The task
The entries that follow should be repeated exactly, with no pictures kept.

Task inputs Block Start

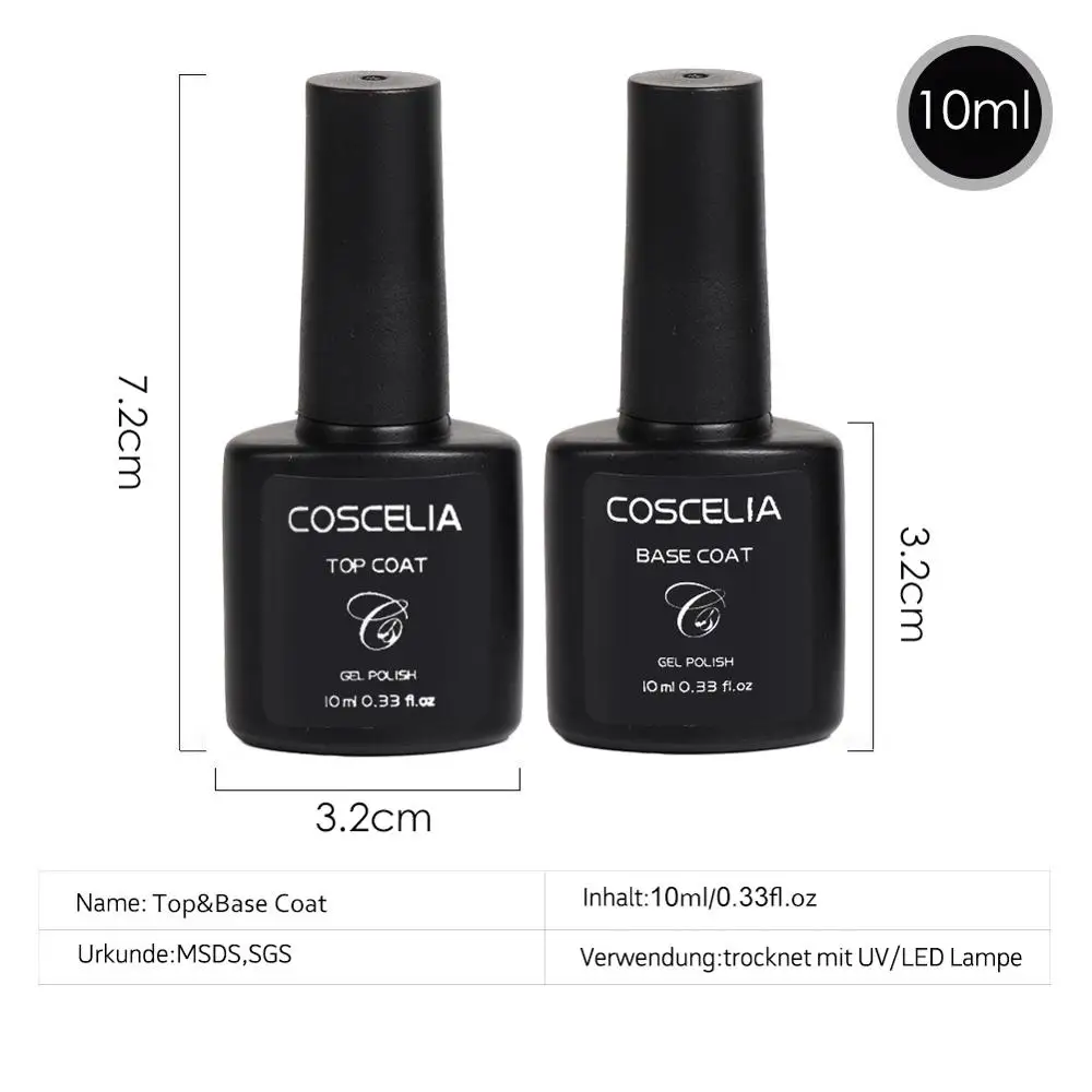COSCELIA Top Base Coat Set 10ML For Gel Nail Polish For Manicure Semi Permanant UV Gel Varnish For Nail Art Matte Top Remover
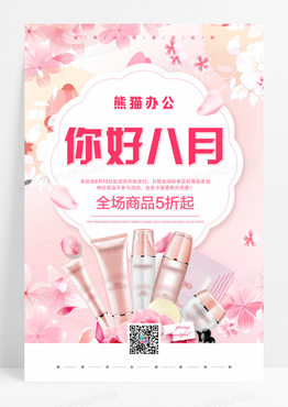 粉色唯美八月你好化妆品夏季促销海报
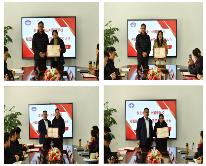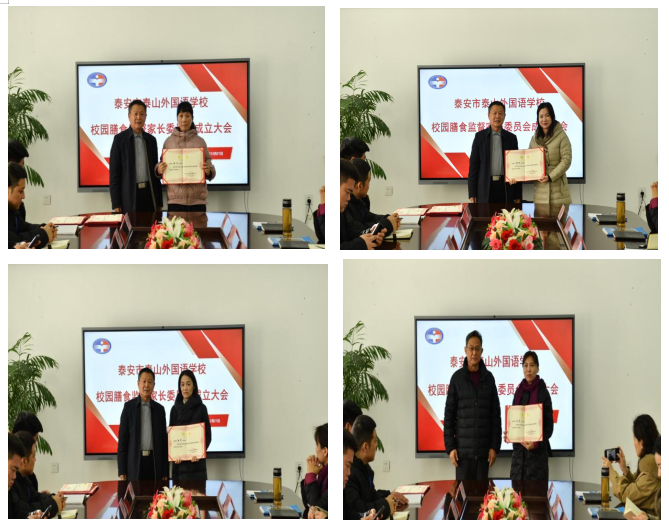 學(xué)校副校長(zhǎng)高秀泉、王建中、曲斌為校園膳食監(jiān)督家長(zhǎng)委員會(huì)成員頒發(fā)了聘書(shū)。
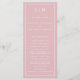 Programa de Bodas Modernas con un diseño sencillo y elegante con un diseño tradicional. Su monograma de dos letras está en la parte superior junto con sus detalles rodeados de un borde delgado. Todos los elementos de diseño son blancos sobre un fondo rosado rosa polvoriento y pueden cambiarse en la herramienta de edición de diseño. Un diseño minimalista con un toque clásico, ideal para un boda formal.
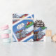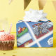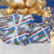 This fun and unique gift wrap features a cartoon illustration of Santa crashing into a house with this sleigh pulled by elephants. (He tried donkeys the year before and they weren't much better). That's why he uses deer now.
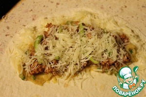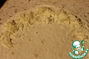 Лепешку обрезать, если нужно по диаметру сковороды. На половину лепешки по краю, выложить сыр.
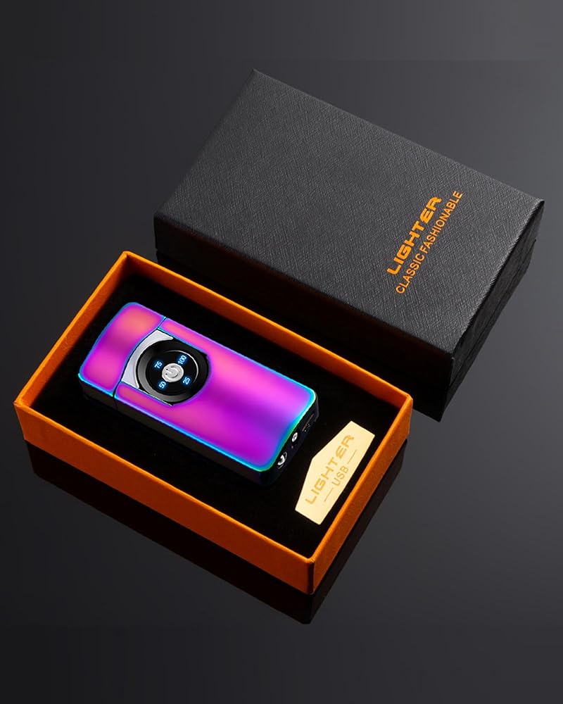 ولاعات قوس كهربائي قابلة لإعادة الشحن، ولاعة بلازما USB لهب دوار بارد مقاوم للرياح مع جهاز عرض

Task inputs Block End

Exercise solution
COSCELIA Top Base Coat Set 10ML For Gel Nail Polish For Manicure Semi Permanant UV Gel Varnish For Nail Art Matte Top Remover
 粉色唯美八月你好化妆品夏季促销海报
 學(xué)校副校長(zhǎng)高秀泉、王建中、曲斌為校園膳食監(jiān)督家長(zhǎng)委員會(huì)成員頒發(fā)了聘書(shū)。
 Programa de Bodas Modernas con un diseño sencillo y elegante con un diseño tradicional. Su monograma de dos letras está en la parte superior junto con sus detalles rodeados de un borde delgado. Todos los elementos de diseño son blancos sobre un fondo rosado rosa polvoriento y pueden cambiarse en la herramienta de edición de diseño. Un diseño minimalista con un toque clásico, ideal para un boda formal.
 This fun and unique gift wrap features a cartoon illustration of Santa crashing into a house with this sleigh pulled by elephants. (He tried donkeys the year before and they weren't much better). That's why he uses deer now.
 Лепешку обрезать, если нужно по диаметру сковороды. На половину лепешки по краю, выложить сыр.
 ولاعات قوس كهربائي قابلة لإعادة الشحن، ولاعة بلازما USB لهب دوار بارد مقاوم للرياح مع جهاز عرض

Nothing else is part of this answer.